Quanto mais identificado com a persona o indivíduo está, mais ele acredita ser apenas
aquilo que gostaria de saber a respeito de si mesmo negando ainda mais a sua sombra (JUNG,
2000b,p. 74).
Sendo assim, adentraremos no conceito de sombra o qual enfatizará a problematização
proposta no presente trabalho.
Jung (1980, p.49) diz que “a sombra é uma parte inferior da personalidade. Por isso é
reprimida; e devido a uma intensa resistência.” E por mais que a reprimamos, ela é uma parte
viva da personalidade, portanto de um jeito ou de outro se fará presente.

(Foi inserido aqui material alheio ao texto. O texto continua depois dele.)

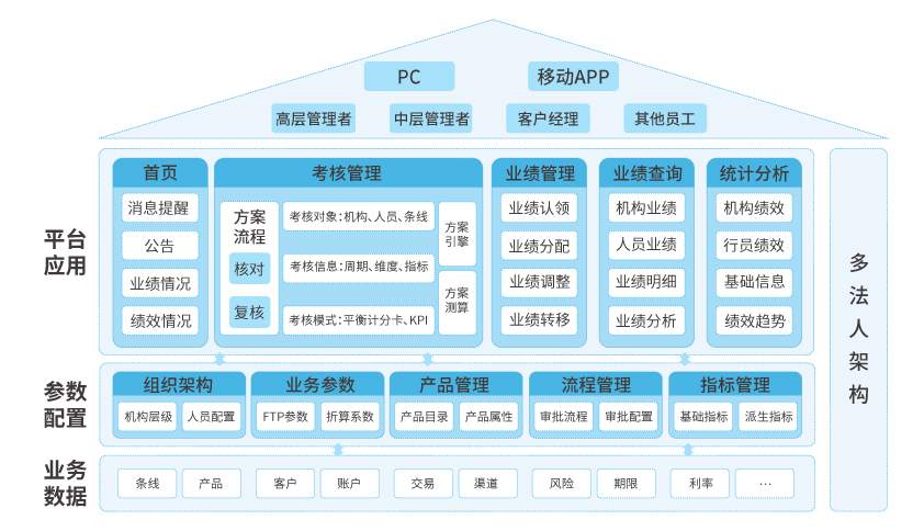 在產品架構上,幫助銀行在全行統(tǒng)一考核體系框架下,實現(xiàn)各級法人、分支機構、營業(yè)網(wǎng)點和人員的差異化考核,各個層級可以靈活配置考核指標和考核方案,把績效管理思路落地到信息化系統(tǒng)。

A sombra seria o lado escuro da nossa personalidade. É considerado como parte do
inconsciente individual e se desenvolve naturalmente à medida que identificamos com
características aprovadas pelo meio externo e rejeitamos aquelas qualidades que não são
adequadas a nossa autoimagem, sendo desaprovada pelo meio ambiente, assim os esquecemos
e os reprimimos durante a vida. Podemos ainda pensar na sombra individual como nossos
‘defeitos’, aquela parte em nós que desaprovamos por considerarmos ‘feia’ e, que não seria
aceita pelo outro.
Zweig e Abrams (1994, p. 15-16) afirmam que emoções e comportamentos negativos
como a raiva, inveja, cobiça, vergonha, culpa, tendências homicidas, violência entre outros,
ficam mascarados pelo eu mais apropriado às conveniências, ou seja, pela persona. Enquanto
esta última se mantém a luz, o que é aparente, a sombra se mantém no escuro, em local
inexplorado abaixo da superfície.
Jung definiu seus conceitos baseado em observações empíricas e assim pautou nas
suas próprias experiências de vida, como na descrição de um sonho em que viu em si mesmo
a inseparabilidade do ego e da sombra. O ego que separa o que lhe agrada, o que pode ou não
pode (dependendo da cultura e do modelo de família), descartando para a sombra todo o
material rejeitado, inclusive capacidades e talentos. Sendo assim, a sombra pessoal não
contém apenas conteúdos negativos, mas também todos os tipos de potencialidades não-
desenvolvidas e não-expressas. Ela contém características que a personalidade consciente
nega e recusa-se a admitir, e irá reencontrá-las em dolorosos e desagradáveis confrontos com
o outro através da projeção, pois é mais seguro observá-la lá fora. É transferida para o mundo
exterior e reconhecida no objeto externo como se não fizesse parte da própria pessoa.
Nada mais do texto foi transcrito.